International Olympic Committee (IOC) press chief Kevan Gosper said earlier this week that some IOC officials had made a deal to let China block sensitive websites to the media, even though free access to the internet had been guaranteed.

Angry journalists complained that they had slower bandwidth than in Sydney in 2000.

Then, yesterday, the Beijing organisers appeared to backtrack, saying access would be unrestricted. It's not quite unrestricted, and the lifting of the ban only applies in Beijing, it seems.

By yesterday evening the Amnesty International website could be accessed, as could Human Rights Watch, Radio Free Asia, Reporters Without Borders and the Mandarin service of the BBC, but the search term "Falun Gong" was blocked, as were sites linked to Chinese dissidents, the Tibetan government-in-exile and sites with information on the 1989 Tiananmen massacre.

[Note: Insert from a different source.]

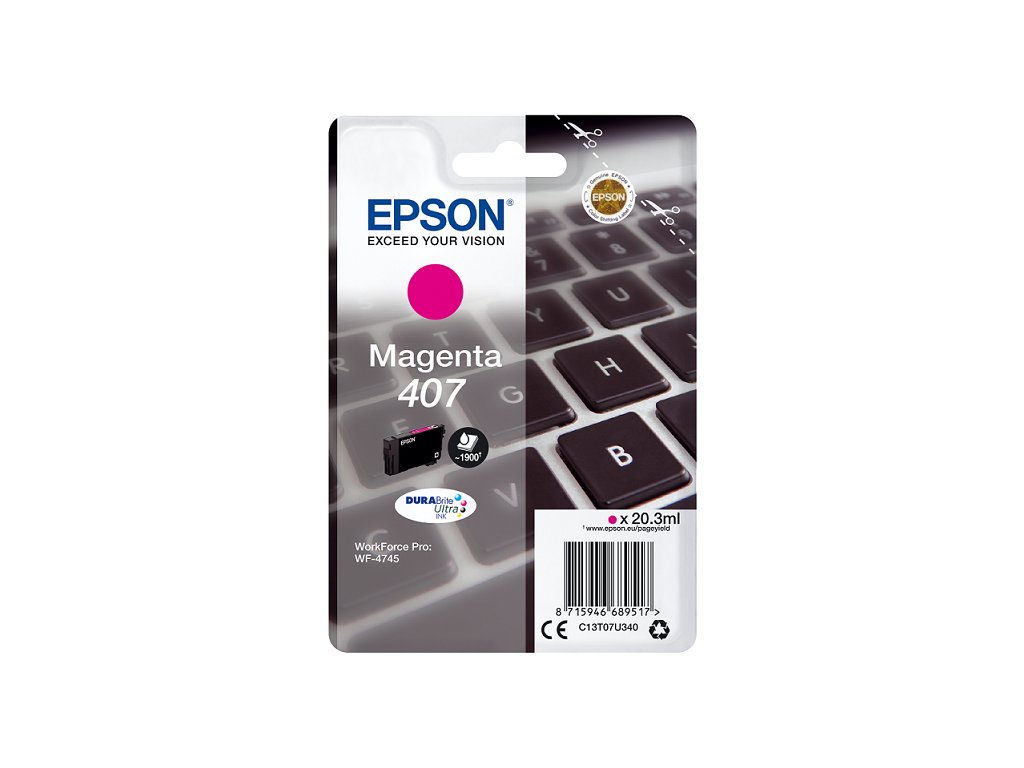 Originální cartridge Epson 407, C13T07U340 Barva: Purpurová (magenta) Výtěžnost: 20,3 ml Kompatibilní zařízení: WorkForce Pro WF-4745DTWFDodatočné parametre

China's Foreign Correspondents' Club welcomed the partial lifting of restrictions on several previously blocked websites in Olympic media areas, but said it remained concerned that access was inconsistent and many internet sites remained off limits.

Amnesty International's Irish section repeated its call on the Government to raise its voice publicly for human rights in China and in support of individual Chinese human rights activists.

Mr Hu urged the international media not to politicise an Olympics that many hadve hoped would lead the country of 1.3 billion people on a path toward greater political reform to match years of growth that hasve made it the world's fourth-largest economy.

"I don't think that politicising the Olympic Games will do anything good to addressing any of the issues," Mr Hu said.